The high-resistance layer isolates the channel from the substrate, so that at The substrate bias has no influence on this structure of the field effect transistors has more on the threshold voltage. To generate the high-resistance layer below In particular, neon or silicon ions have proven to be suitable for the channel region.

The invention and its further advantageous embodiment will still be explained in more detail using an exemplary embodiment.

In the figure 1, a half-end body 1 is shown in section, whose output body 2 is, for example, n-doped.

The semiconductor body, which is preferably made of monocrystalline silicon exists, is covered with an oxide layer 2 on its surface. In this oxide layer a window 8 was introduced, which corresponds to the dimensions of the field effect transistor to be produced is equivalent to. This window 8 is in turn covered with a thin oxide layer 4, which is left only over the channel area on the semiconductor surface.

This thin oxide layer is, for example, 0.1 to 0.3 μm thick. Thereafter the semiconductor surface is exposed to ion radiation 5 consisting of non-doping or compensating ions, for example silicon or neon ions. These Ions hit the semiconductor surface with a dose of 100 keV, for example and cause an extremely weakly doped and thus high resistance in the semiconductor body Semiconductor zone 6 which, for example, has a penetration depth of 1 to 2 μm.

After that, the semiconductor surface is subjected to a second ion beam exposed, which is now, however, doping im Semiconductor bodies, for example contains ions generating the p conductivity type. In the case of an n-conducting basic body for example boron ions are implanted in the semiconductor body. The radiant energy these boron ions are, for example, 20 to 50 keV at a dose of approx. 1012 boron ions / cm3. In this way, a p-conducting channel region 7 with an impurity concentration is obtained from approx.

1017 atoms / cm3 and a penetration depth of a few cells around Wie 2, the zones 9 and 10 are now also in the semiconductor body diffused. Here, the oxide layer 4 acts as a diffusion mask over the channel region. The source zone 9 is thus at the control voltage via the channel region 7 with the drain zone 10 0 connected.

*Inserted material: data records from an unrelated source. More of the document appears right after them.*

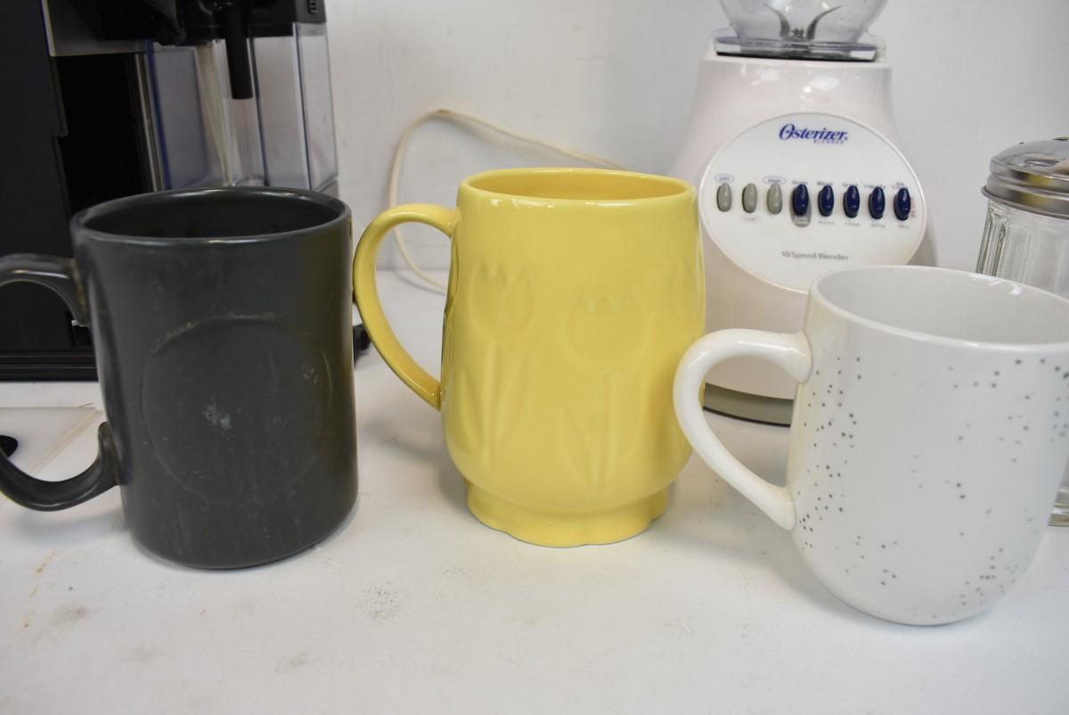 6 Piece Kitchen Lot, Delonghi Coffee Maker, Osterizer Blender, 3 Mugs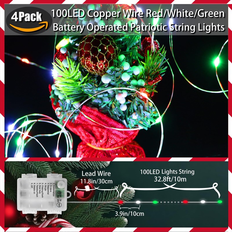Yayfazy Christmas Lights Indoor Battery Operated, Red White Green Mini Copper Fairy Lights with Auto Timer, 4PACK Total 400LED 131.2Ft 8 Mode Lights for Bedroom, Christmas Tree, Table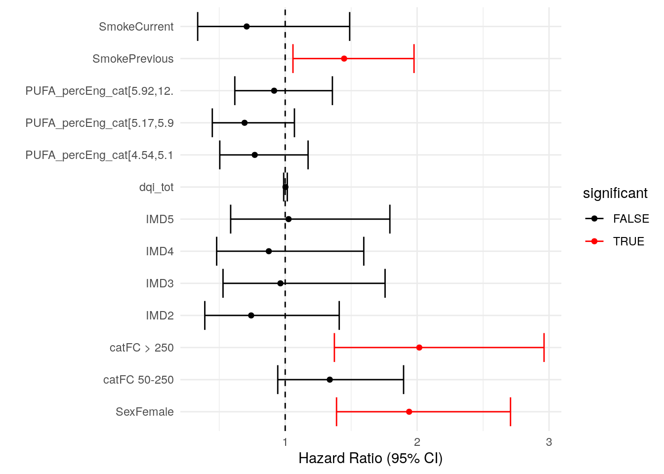 # Fit pooled Cox modelwith(mice_pufa_cd_hard,coxph(Surv(hardflare_time, hardflare)~Sex+cat+IMD+dqi_tot+PUFA_percEng_cat+Smoke+frailty(SiteNo)))%>%mice::pool()%>%summary(conf.int =TRUE, conf.level =0.95, exponentiate =TRUE)%>%summon_plot_broom_hr()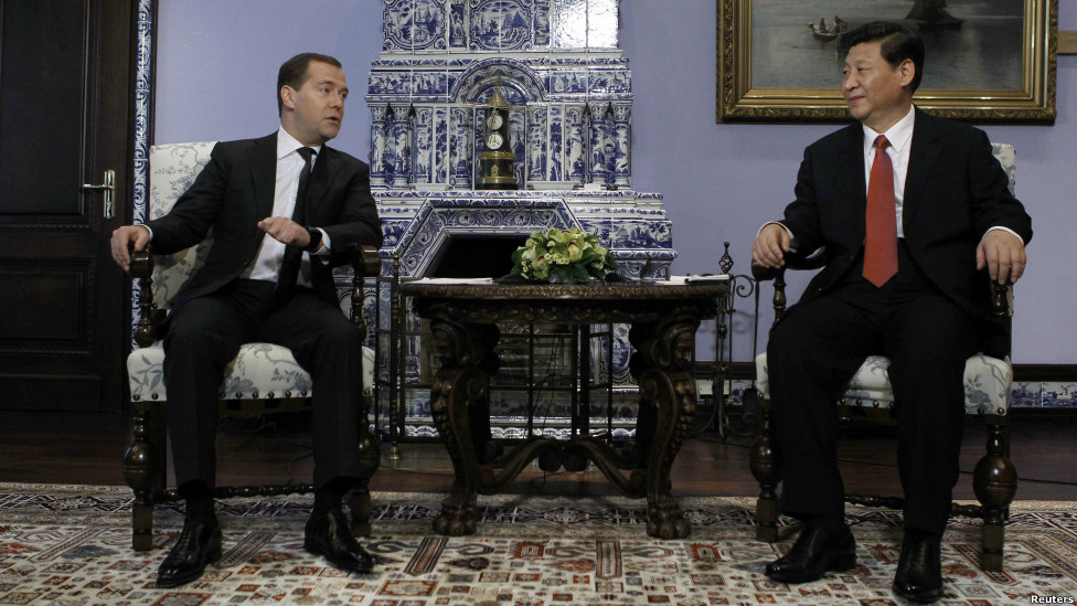 中国国家主席习近平星期六(3月23日)与俄罗斯总理梅德韦杰夫共进早餐

Finally, the source zone 9 and the drain zone 10 are also the associated terminal contacts 11 and 12 attached while on the oxide layer 4 the control or gate contact 13 is arranged.

It has been shown that produced by the method described Field effect transistors have a threshold voltage that is determined by a setting Substrate bias is almost completely independent.

Claims (2)

P a t e n t a n s p r ü c h e O Method for producing a self-contained MOS pelde effect transistor, characterized in that after the production of the for the reception of the control contact provided through this thin insulating layer Insulating layer in the semiconductor body to generate a high-resistance layer of ions a non-doping or compensating ion species are introduced and that then a channel is generated by a second ion implantation with doping ions whose penetration depth in the semiconductor body is less than that of the high-resistance Layer. 2) Method according to claim 1, characterized in that for generating of the high-resistance layer, neon or silicon ions are introduced into the semiconductor body will.